The Signal (PG-13) ★★★½

Review Date: August 7th, 2014

If you take the unpredictability, the philosophical depth, and the groundbreaking artistry out of a Twilight Zone episode, you'll be left with something like The Signal: a dude wakes up in a weird place and everything's different and he doesn't know why story, lacking in most of the merit, but still packing a good sum of the entertainment factor. Although it's hardly the stimulating piece of thought provoking sci-fi that it might aim to be, The Signal is a thoroughly enjoyable romp through the avenues of B-movie kitsch, kookiness, and half-baked imagination.

The film does the trick in establishing palpable characters. However rote they may be, MIT student Nic (Brenton Thwaites), post-millennial geek Jonah (Beau Knapp), and Nic's girlfriend Haley (Olivia Cooke) are colored bright enough to cart us through the bizarre world soon to ensnare them with no dearth of empathy. We meet the trio at the tail end of a cross-country road trip; Haley is moving to the West Coast with plans reeking of a fresh start mentality, despite her affirmed devotion to the recently crippled Nic and their relationship. During their travels, Nic and Jonah are contacted by an anonymous hacker of renown, Nomad, and driven to find his secret hideout in the middle of nowhere. Naturally, exploration of a remote cabin leads our heroes to ultimate doom: they wake up the next morning steeped in a set of strange, often incomprehensible, and consistently titilating circumstances.

Government facilities, men in spacesuits (Laurence Fishburne leading the bunch), dense interrogations, disturbing footage, and lanced memories... all of the Rod Serling traditions, each injected with an intimate connection gratis of our mumblecorey introduction to the early 20s trio. As we follow Nic on his endeavor to figure out what the hell is going on and get himself and his friends the hell out of dodge, we're driven both by the mystery and the personal evolution of the characters at hand.

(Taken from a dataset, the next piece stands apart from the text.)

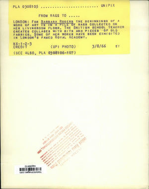 1966 Press Photo Barbara Rogers Making Collages from Rags, London, England
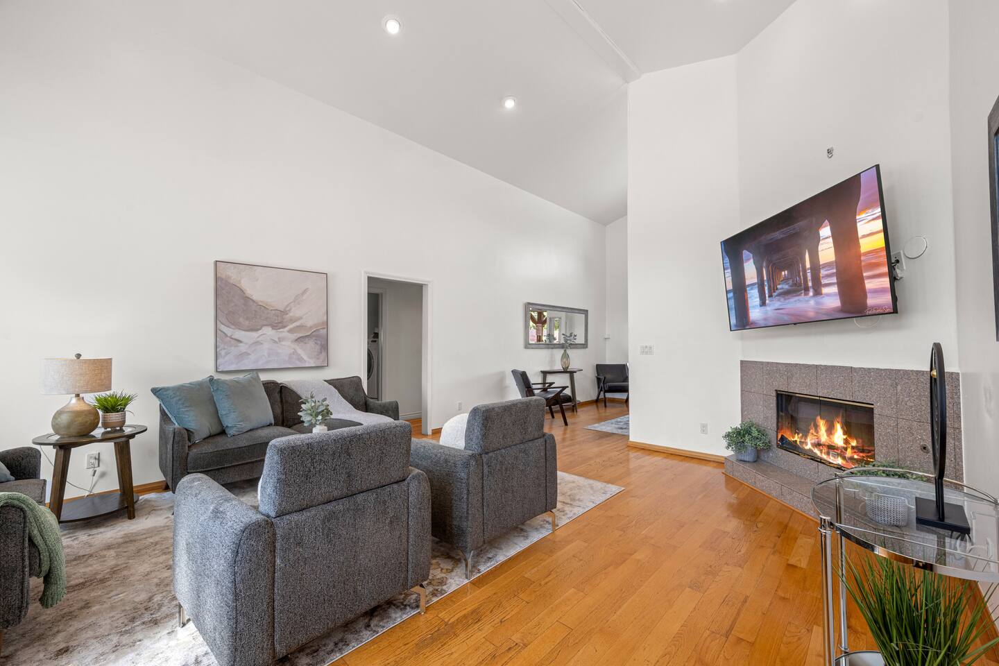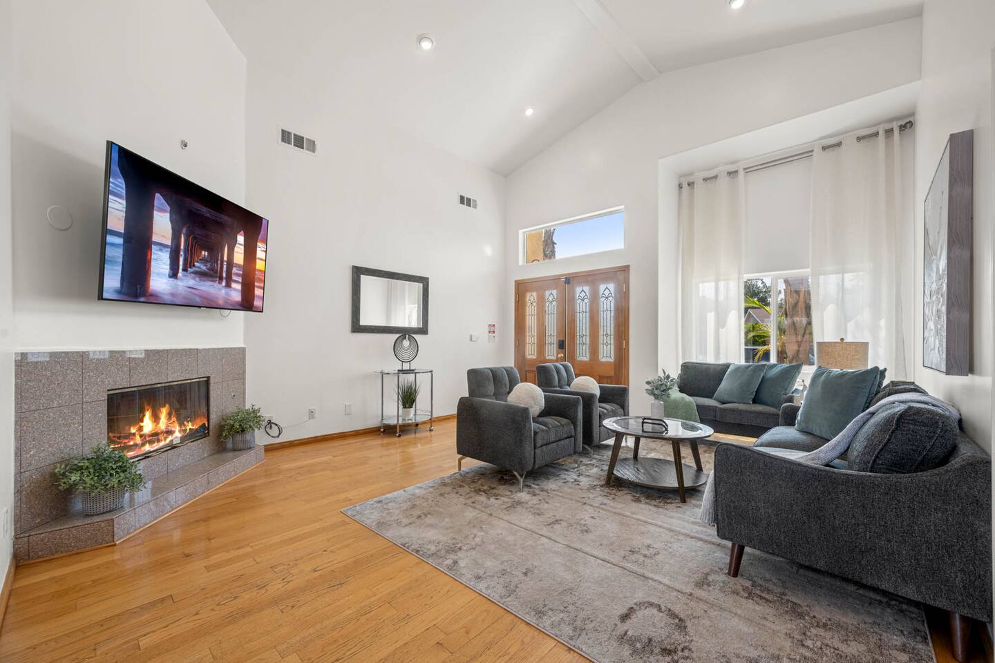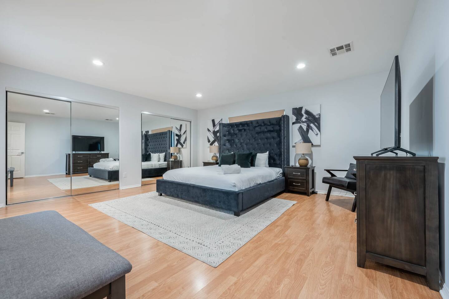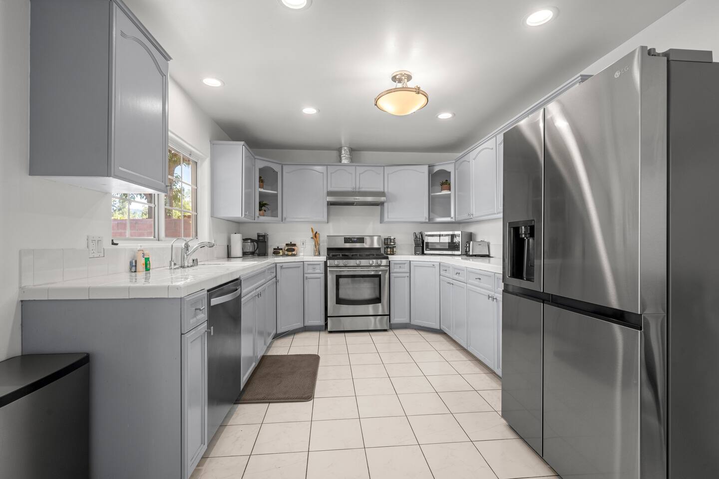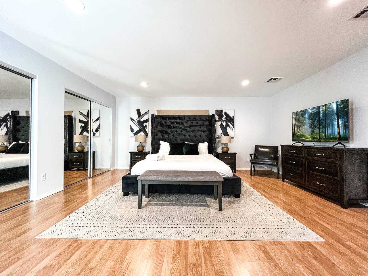 Step inside to soaring vaulted ceilings, abundant natural light, and brand-new living and dining room furniture that create a fresh, welcoming atmosphere. The home features two luxurious primary suites, each with king beds and remodeled en-suite bathrooms, offering comfort and privacy for families or groups traveling together. Outside, enjoy a sparkling heated pool and spa, perfect for relaxing or entertaining under the California sun. Fire up the BBQ grill for al fresco dining and unwind in the beautifully maintained outdoor space. Every detail has been thoughtfully designed for your comfort - from the stunning bathrooms to the pristine cleanliness throughout. Whether you're here for business or leisure, this stylish and happy space is the perfect Tarzana getaway. Offers both driveway and street parking for added convenience.

Granted, neither one is offering particularly stellar material: Nic's character arc is basic at best, ditto the big questions circling the enigmatic setting. But the saving grace of The Signal, odd as it may be, is that we're never really expecting to be impressed. From the get-go, we feel as though we're stepping into a particularly hokey second-rate feature. It's the embrace of this identity, and the appreciation for a movie of this aesthetic, that can help to carry us to the end (the big reveal!) with plenty of enjoyment.